My girl, my girl, where will you go? / I'm going where the cold wind blows / In the pines, in the pines / Where the sun don't ever shine / I would shiver the whole night through
Heero felt like he had taken hold of an electric wire the moment he'd seen the bohemian again, post-Isuzu night and all too real and still all too bitter. And that wire was slowly pumping him full of more and more volts and numbing him into a strange, sensitive place. He might have just been called nervous, or anxious, but no, he'd passed all those things long ago. He wasn't just nervous around Duo Maxwell-he was seriously distressed, and the news he had to deliver to that beautiful, distressing creature only made that condition worse. The electric wire he was holding sat only a foot away from him, and it was slowly killing him but his fingers still held on, even when he was desperate to pull away. Every memory of sitting in the white Isuzu, back when a con man had been a con man and things had been clearer shades of gray, taunted him now-every memory of just sitting talking with the bohemian, every time he had honestly smiled at him, teased him, gently socked him in the shoulder.

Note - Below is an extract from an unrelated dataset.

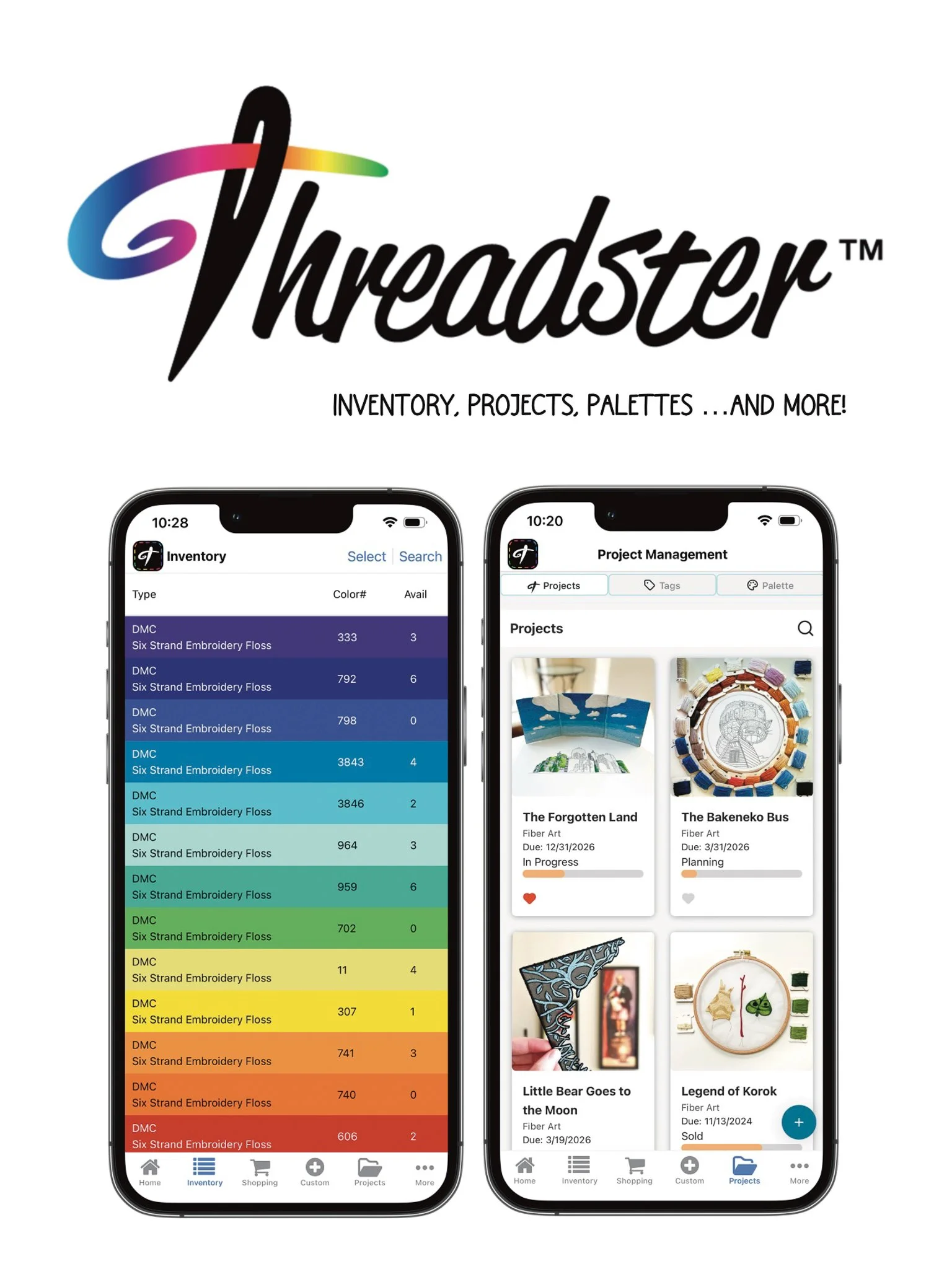Threadster is the creation of a husband and wife duo to help manage your thread inventory, color palettes, patterns, & projects, so you can spend more time doing what you love, stitching!

They haunted him because he felt like now he would never have those things again.
Heero continued to drive, burying his worrying instinct in the sole purpose of navigation for a moment and taking a left down an empty one-way drive, one that circled around an equally ghost-like, dusky park. Duo sat in the passenger seat, drooping unenthusiastically, and his eyes seemed miles away. Vega remained in the backseat: backseat to the indescribable tension between the traveler and the bohemian, two opposing magnets that needed by nature to come together but were separated by an impassable rift between them-the rift created and sustained by Duo's mistrust and the sins of Heero's adoptive family. So, they drove, not like they had only days before, but they drove.
Heero drove some ways down that road, alone in the street, until the sleeping green of the trees thinned and gave way to the glitter of a lake in the center of the park. Then he pulled to the side of the road and put the gear into park, stopping to stare at the dashboard displays glowing at him for a minute. He lifted his voice softly without lifting his head and said, "Vega, can you watch the car for a while?"
The good-natured deputy nodded his affirmative and replied, "Yeah. How long do you think-?"
"Might be a while," Heero said with a sigh, still unwilling to tear his eyes from the dashboard as they might wander over too far to the right. "You could drive around if you want-I can wait for you to come back."
"You'll be alright if I scan the streets for a bit, you know, watching out for troublemakers for you?"
"Yeah," the traveler replied, smiling ruefully at the steering wheel. "There's a lot that needs to be said. We'll be fine for a while. Go ahead."
"Alright," Vega said warmly, clapping his hand reassuringly on the Japanese man's shoulder as he sat up out of the backseat and pushed the car door open into the still, cold night.
Heero did the same a moment later, leaving the keys swinging in the ignition and the engine purring steadily, awaiting a command to do work. He stood up beside the humble dark blue car and Vega stepped out as well, taking his place in the vacated driver's seat. Heero took a step back to let him pass and when he slipped inside, he glanced up to see Duo standing beside his opened door, his eyes gleaming in the dark, baseball hat cocked crookedly on his head. The traveler felt like he could hardly breathe beneath that stare-and Duo could tell, giving an unhappy little frown in return before finally freeing the hienn and glancing away, moving to slam the passenger side door shut.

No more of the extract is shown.